Sophia Bullard, Crew Health Director at UK P&I Club

In collaboration with I.M.E.Q., Sophia Bullard, Crew Health Director at UK P&I Club, discusses the prevalence of stress and panic attacks for seafarers, and looks into how anxiety disorders can be alleviated:

“A life at sea entails dangers that are not present in many other occupations as seafarers work under threat of injury from accidents, piracy and illness, with high levels of exposure to such stressors known to induce panic attacks.

“Stressors in seafarers can be personal or directly connected to work conditions. Common occupational stressors for seafarers include overly strenuous or repetitive labour, the physical risks associated with a post, career prospects, employment and compensation and the separation from loved ones. Accidents that result in injury and pirate attacks can also be traumatising for the individual seafarer, intensifying anxiety and fear.

“A panic attack is a sudden surge of intense fear and discomfort that peaks within minutes and involves combinations of the following symptoms:

  • Palpitations, pounding heart, or accelerated heart rate
  • Sweating, trembling or shaking
  • Shortness of breath or feelings of choking or being smothered
  • Chest pain or discomfort
  • Nausea or abdominal distress
  • Fear of losing control
  • Fear of dying

“For an individual to be diagnosed with Panic Disorder, there has to be a recurrence of unexpected panic attacks, with at least one panic attack being accompanied by intense concern and worry about experiencing another panic attack. Panic Disorder most commonly occurs between the ages 20 to 45 and can become chronic if left untreated, with seafarers particularly susceptible given the nature of their work.
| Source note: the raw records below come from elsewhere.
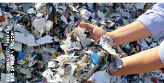
PVC-belagt tekstilaffald fra Serge Ferrari der skal til genanvendelse i VinylLoop®-fabrik i Ferrara, Italien

Som en del af PVC-industriens indsats med at bruge innovativ teknologi til at genanvende 100.000 tons p. år af vanskeligt genanvendelsesbart PVC besøgte udvalget EcoLoop-værket i Tyskland ( www.ecoloop.eu/en ) og Alzchem( www.alzchem.com ) -kalcium-karbid-værket i Bayern. Workshops med deltagere fra teknologiske institutter, virksomheder og organisationer blev også afholdt i 2013, og adskillige interessante veje til undersøgelse og udvikling blev identificeret.
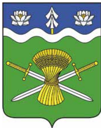
Ил. 23. Герб Плавенского сельского поселения
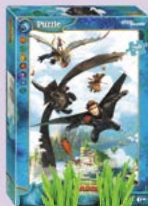
Пазлы КАК ПРИУЧИТЬ ДРАКОНА 3 , 260 элементов, в ассортименте***
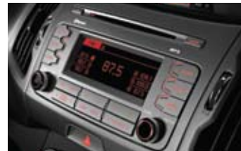
CDP 오디오 (MP3 재생)
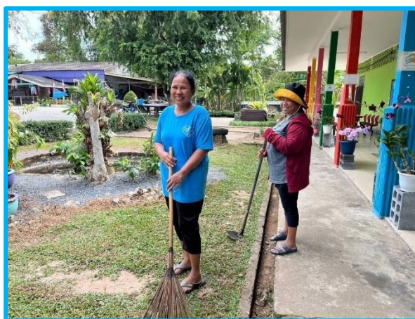
Mamans venues aider au grand nettoyage de l'école
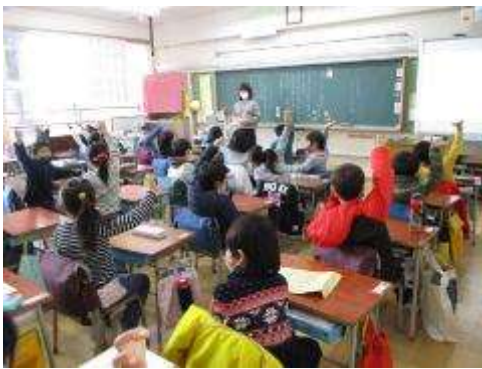
担任の先生のお話の様子 1年生の教室

“Panic Disorder is treated through therapy and medication. Pharmaceutical therapies for panic attacks focus on immediate relief and prevention. The most effective treatment for anxiety disorders is Cognitive Behavioural Therapy (CBT), which involves identifying, challenging and replacing negative thoughts with realistic ones, recognising symptoms, learning coping skills and confronting fears. CBT can teach individuals to deal with their panic attacks by helping them recognise what is happening to them and desensitising them from anxiety. Panic attacks can be prevented by seafarers onboard using relaxation techniques, practicing mindfulness, meditation, exercising and sleeping, as well as eating well and avoiding stimulants such as nicotine and caffeine.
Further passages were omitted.